Bridezilla Versus The King Of Thieves


"I am never doing that again," Mai declared as the door slammed behind her.

"Shopping for a wedding dress?" Bakura asked. "I should hope not." He pressed a hand to his heart, a mock-aggrieved expression pasted onto his face. "It wouldn't bode well for our impending nuptials if you were already thinking about your second marriage."

She frowned. "Hah-fucking-hah, smart guy."

He smirked. "Well, I'd really rather fuck you than 'hah', but…"

Making a face at Bakura's crude – but sincere – joke, Mai slapped him with her purse. Luckily, she was a believer in the saying 'less is more', and that was no more readily apparent than in the small handbag she carried. So Bakura was spared a broken nose.

Chuckling, Bakura yanked the offending purse towards him, consequently pulling Mai along with it. She landed in his lap with a yelp, then glared at him from behind disheveled blonde curls. "Ah, now, Mai, don't be like that," Bakura coaxed.

She sighed and snuggled up next to him, sighing in contentment as his arms came around her. "Sorry, 'Kura, I've just had a really bad day."

"What was so awful about shopping for your wedding dress?" he asked, brow furrowed. "I thought you liked shopping."

She groaned, the memory causing a pulsating ache to start up right behind her eyes. "Shopping for a wedding dress is different from shopping for anything else," she replied. "I have to find just the right one – and I had to go to eight different shops before I finally found it." She gestured towards the plastic garment bag that she'd draped over a chair right before her declaration.

When Bakura made as if to open the bag, Mai slapped his hand. "You can't see the dress until our wedding day. It would be bad luck."

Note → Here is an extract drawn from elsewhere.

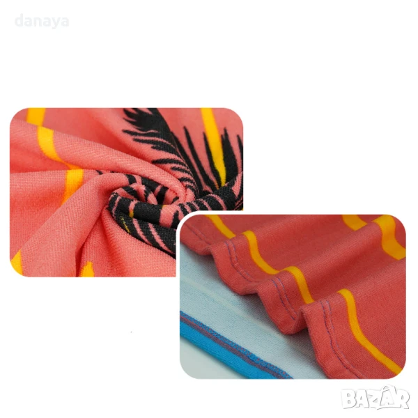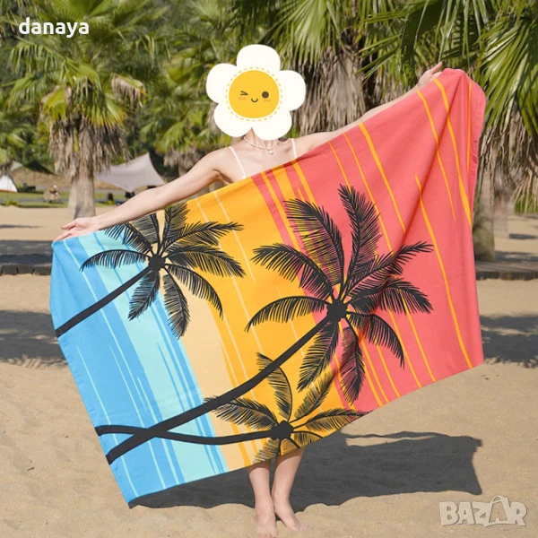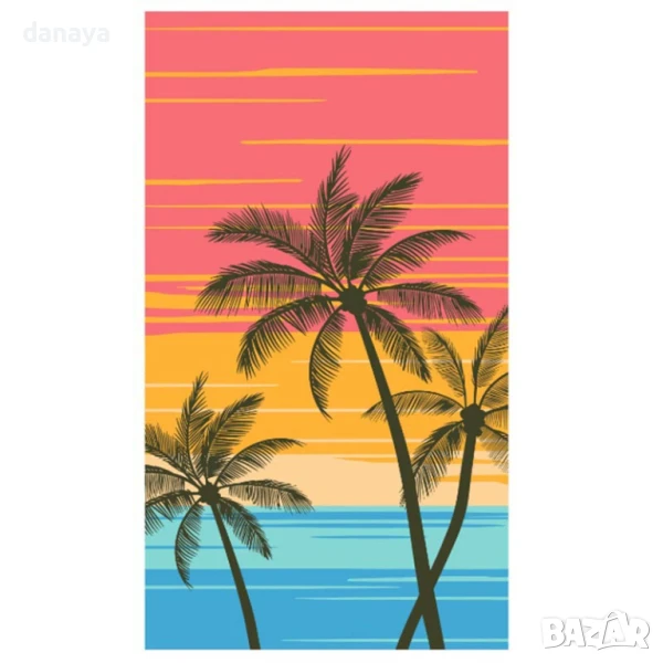 Ефектна и стилна плажна кърпа с дизайн на розов залез и силуети на палми – перфектният избор за почивка край морето или басейна. С щедрия си размер от 180×100 см, тя осигурява комфорт и пространство както за лежане, така и за подсушаване. Изработена от мека, попиваща и бързосъхнеща материя, подходяща и за използване като шал или покривало.

Giving her a disbelieving look, Bakura said, "Considering who I am, I would think you wouldn't be worried about bad luck coming from a dress."

She shook her head, a small smile on her lips. "When are you going to get in through your thick skull that I think you're quite the catch? I love you. If anything, it's good luck that I'm marrying you – since you're technically already dead I won't have to worry about you dying on me."

Making a face, Bakura said, "No, but I'll have to worry about you dying on me."

"Then you'll just have to wait for me to be reincarnated," she said airily, though the comforting grip she had on his hand let him know she wasn't being flippant.

"I suppose I will, at that," Bakura allowed. "Now, if we've finished with today's allotment of emotional bloodletting – what was so Ra-damned awful about shopping for your wedding dress aside from how long it took? I know you haven't told me everything."

"The shopping wasn't awful, but the dresses were," Mai said. "I swear, some of the things they were trying to pass off as matrimonial gowns… Ugh!"

"Like what?" Bakura asked.

"Well, the one that sticks out in my mind I saw in the third shop," Mai said. "It wasn't white; it was dark green. The material was one of those faux sequined prints – in a reptile scale pattern. It had ruffles and bows and flounces – and the train was so poofy it looked like a tail. It even came with a matching tiara with spikes all over it."

A look of horror had come over Bakura's face as he listened to the description. "Please tell me that's not the dress you bought," he begged.

She looked upset that he'd even thought, let alone uttered those words. "Of course not."

"Whew!"

She giggled then. "But all I could think of when I saw that thing was: 'Look out, Tokyo. Here comes Bridezilla!'"

Bakura barked a laugh. "Well, my little chameleon, I suppose it's a good thing we don't live in Tokyo, then, isn't it?"

She nodded.

One hand creeping up under her skirt, Bakura said, "Now that that's taken care of… How loud do I have to make you scream before you let me see the dress you bought?"

Arching one eyebrow in challenge, Mai said, "Oh, you think you can make me scream, do you?"

Bakura smirked. "Oh, I think I can…"

A smug smile on her lips, secure in her ability to best the thief, Mai said, "Bring it on, tomb-raider."


The afternoon showing of 'Bridezilla versus the King of Thieves' was canceled due to exhaustion on the lead characters' parts; sexual exhaustion.

And Bridezilla also had a sore throat the next morning from passion-induced screaming.